Gingeras Thomas R
Affymetrix, Inc., Santa Clara, California 95051, USA.
Genome Res. 2007 Jun;17(6):682-90. doi: 10.1101/gr.6525007.
While the concept of a gene has been helpful in defining the relationship of a portion of a genome to a phenotype, this traditional term may not be as useful as it once was. Currently, "gene" has come to refer principally to a genomic region producing a polyadenylated mRNA that encodes a protein. However, the recent emergence of a large collection of unannotated transcripts with apparently little protein coding capacity, collectively called transcripts of unknown function (TUFs), has begun to blur the physical boundaries and genomic organization of genic regions with noncoding transcripts often overlapping protein-coding genes on the same (sense) and opposite strand (antisense). Moreover, they are often located in intergenic regions, making the genic portions of the human genome an interleaved network of both annotated polyadenylated and nonpolyadenylated transcripts, including splice variants with novel 5' ends extending hundreds of kilobases. This complex transcriptional organization and other recently observed features of genomes argue for the reconsideration of the term "gene" and suggests that transcripts may be used to define the operational unit of a genome.
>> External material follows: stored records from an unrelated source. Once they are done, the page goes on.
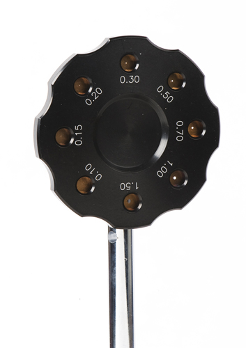 8 trous de diffraction (de 0.1 mmm à 1.5 mm) montés sur une monture à barillet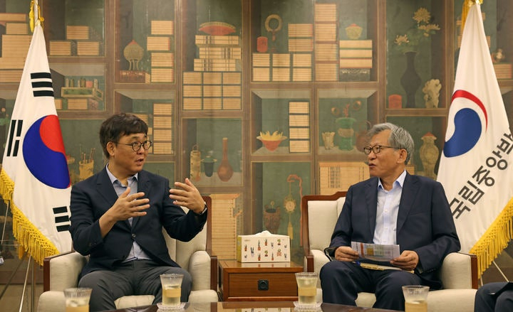 최휘영(왼쪽) 문화체육관광부 장관이 3일 서울 용산구 국립중앙박물관을 방문해 유홍준 국립중앙박물관장과 주요 현안에 대해 의견을 나누고 있다. /사진=문화체육관광부 제공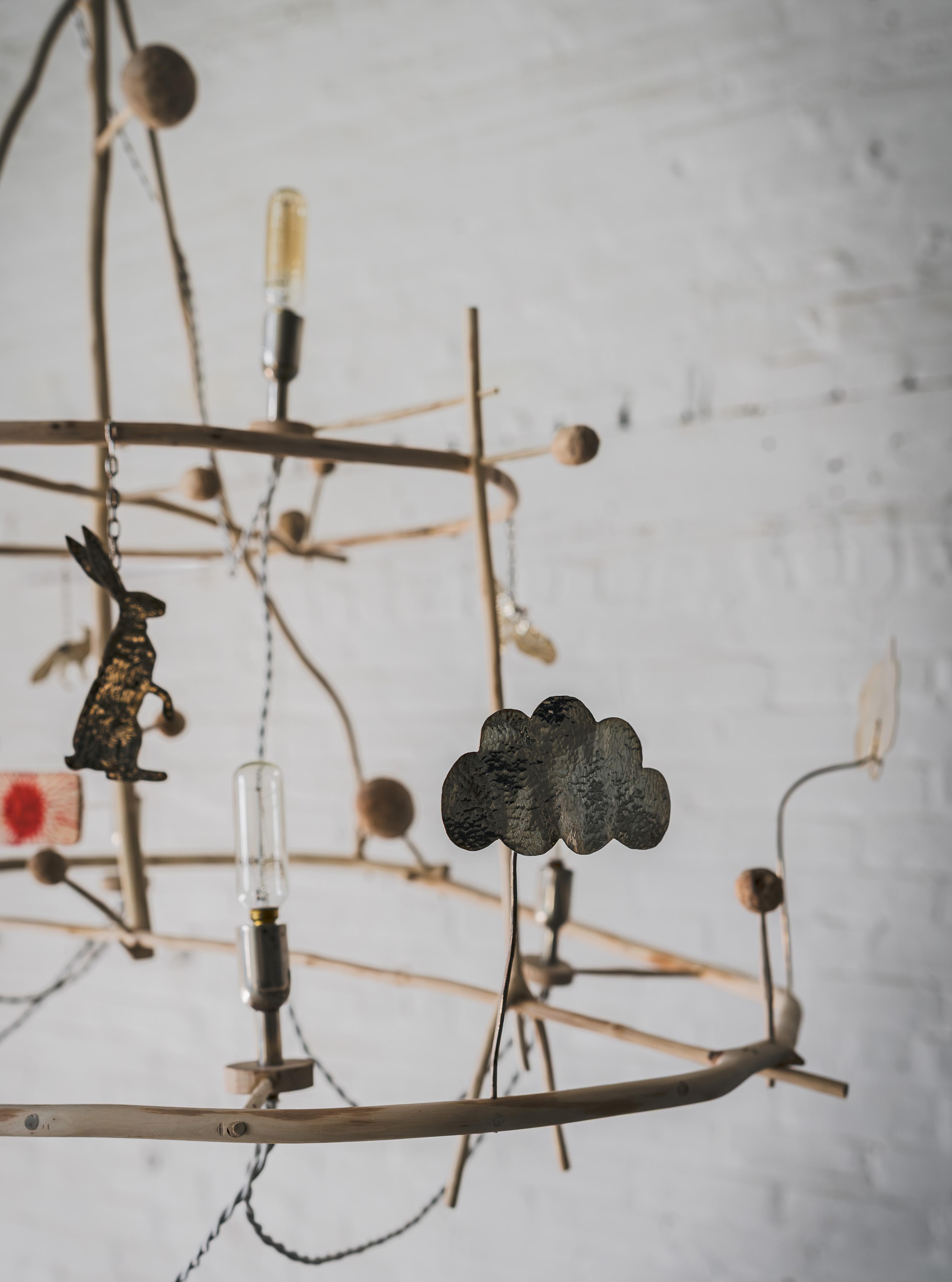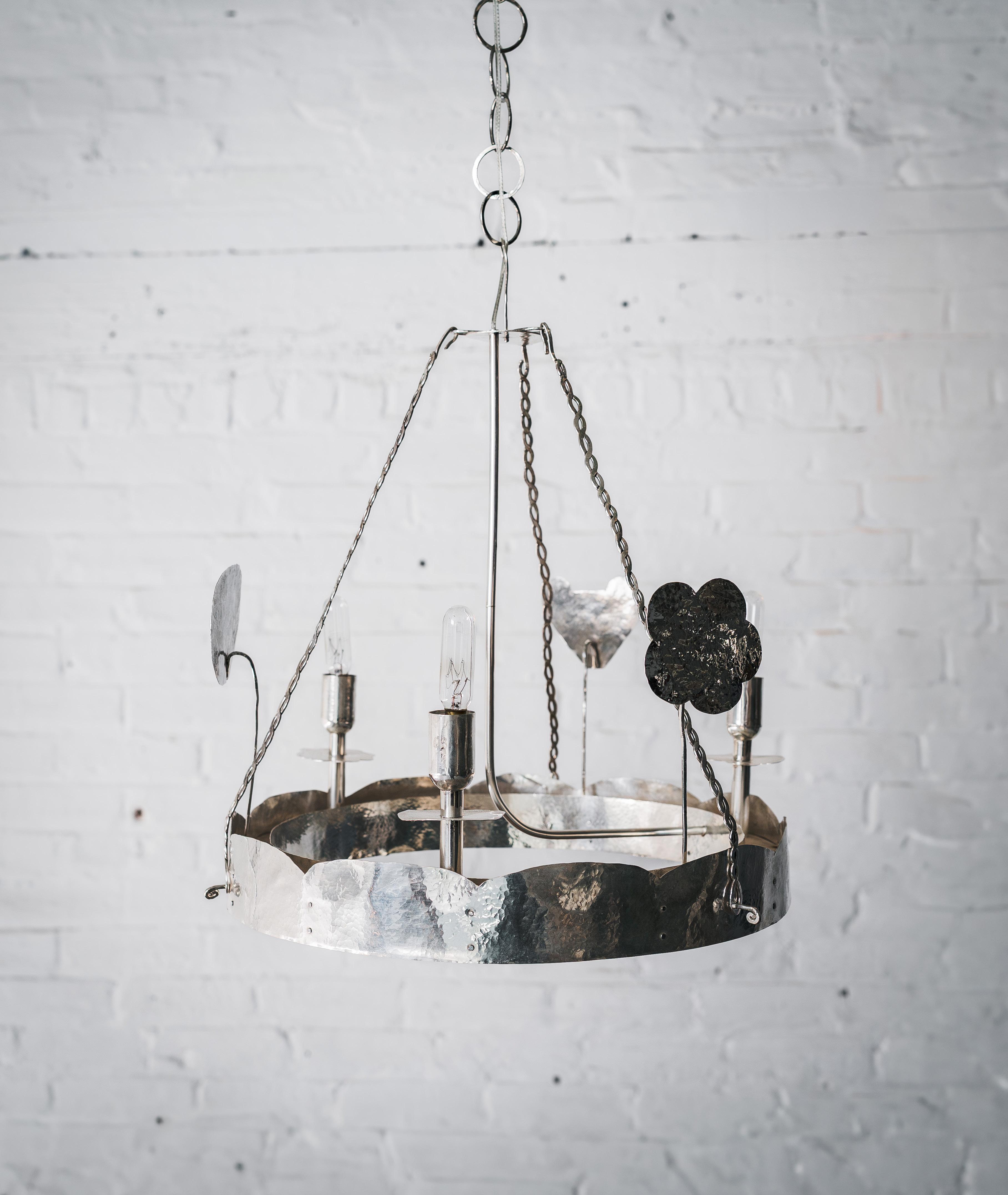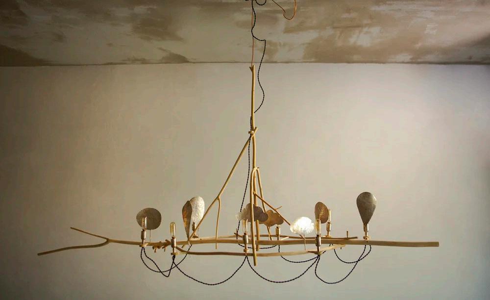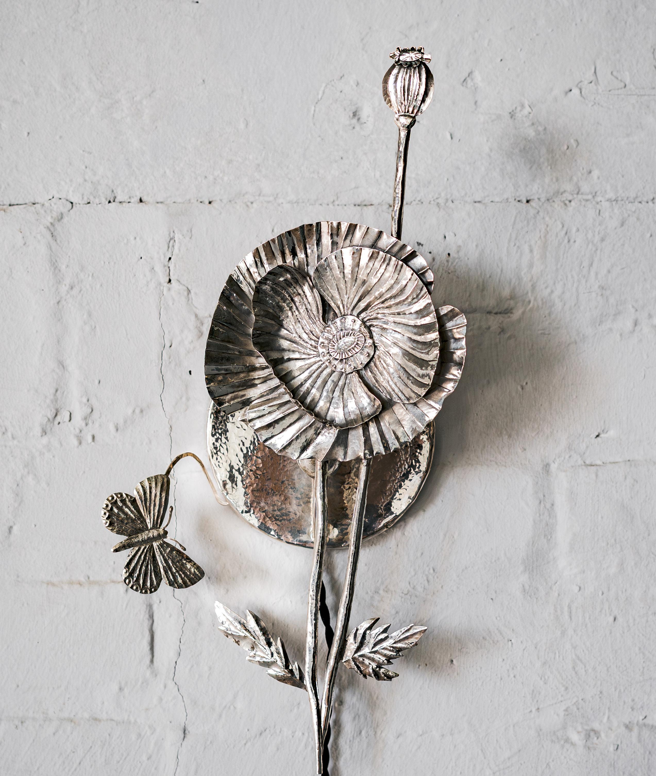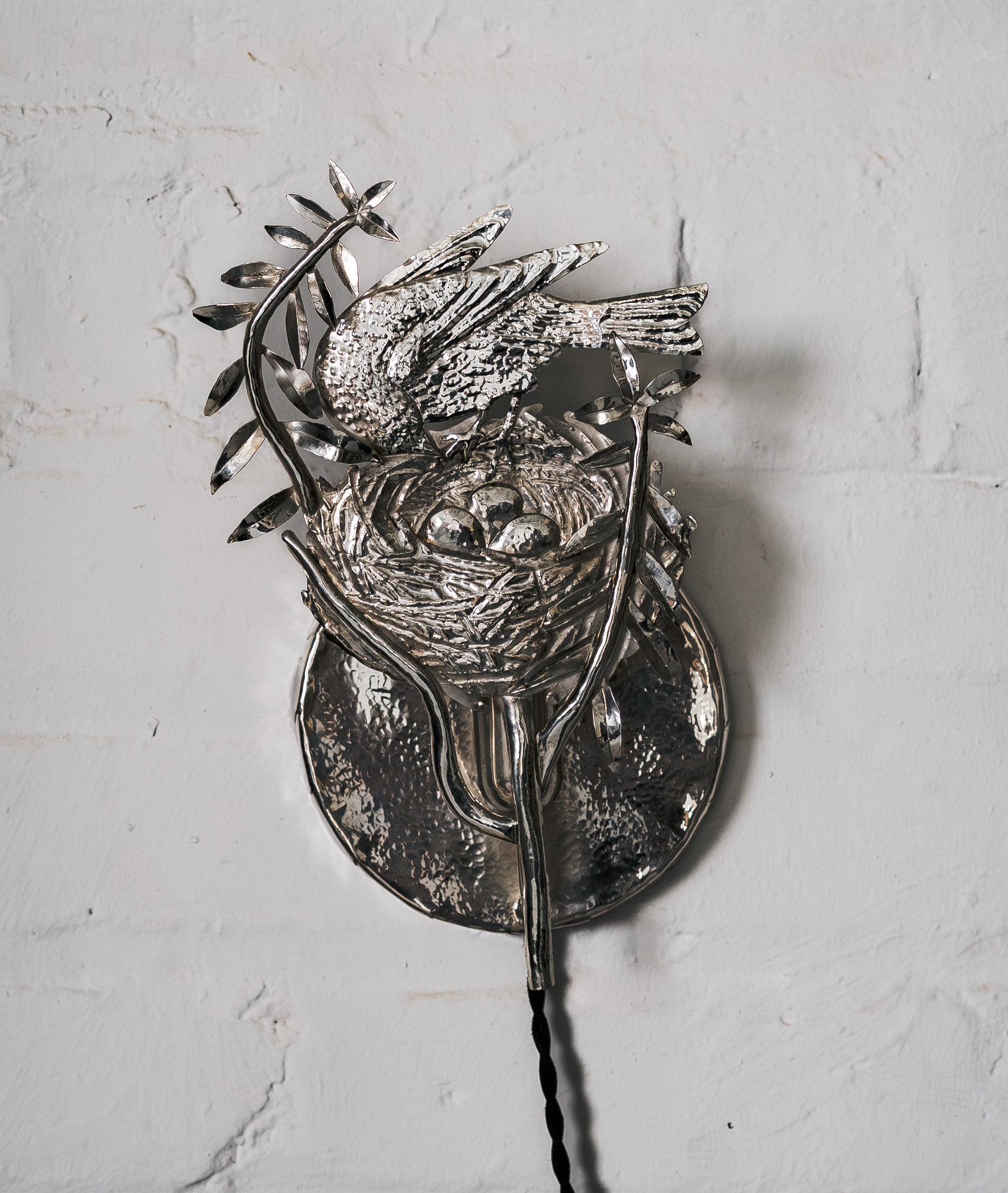 Found branches, hammered silver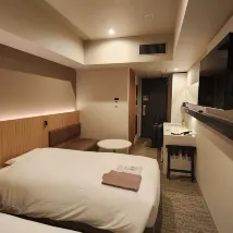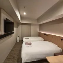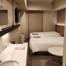 The twin room is a bit bigger than I expected as you can still open your luggage. I like the toilet and bathing are separate. Though the public bath is a bit crowded (small one) but a plus to the amenities. Also this is the only hotel I stayed this time with TV with YouTube and Netflix. Overall, I highly recommend!

虽然基因的概念有助于界定基因组的一部分与一种表型之间的关系,但这个传统术语可能不像过去那样有用了。目前,“基因”主要是指产生一种聚腺苷酸化信使核糖核酸(mRNA)的基因组区域,这种mRNA编码一种蛋白质。然而,最近出现了大量未注释的转录本,它们显然几乎没有蛋白质编码能力,统称为功能未知转录本(TUFs),这开始模糊了基因区域的物理边界和基因组组织,非编码转录本常常与同一(正义)链和相反链(反义)上的蛋白质编码基因重叠。此外,它们常常位于基因间区域,使得人类基因组的基因部分成为一个由注释的聚腺苷酸化和非聚腺苷酸化转录本交织而成的网络,包括5'端新颖且延伸数百千碱基的剪接变体。这种复杂的转录组织以及基因组最近观察到的其他特征,促使人们重新考虑“基因”这个术语,并表明转录本可用于定义基因组的操作单元。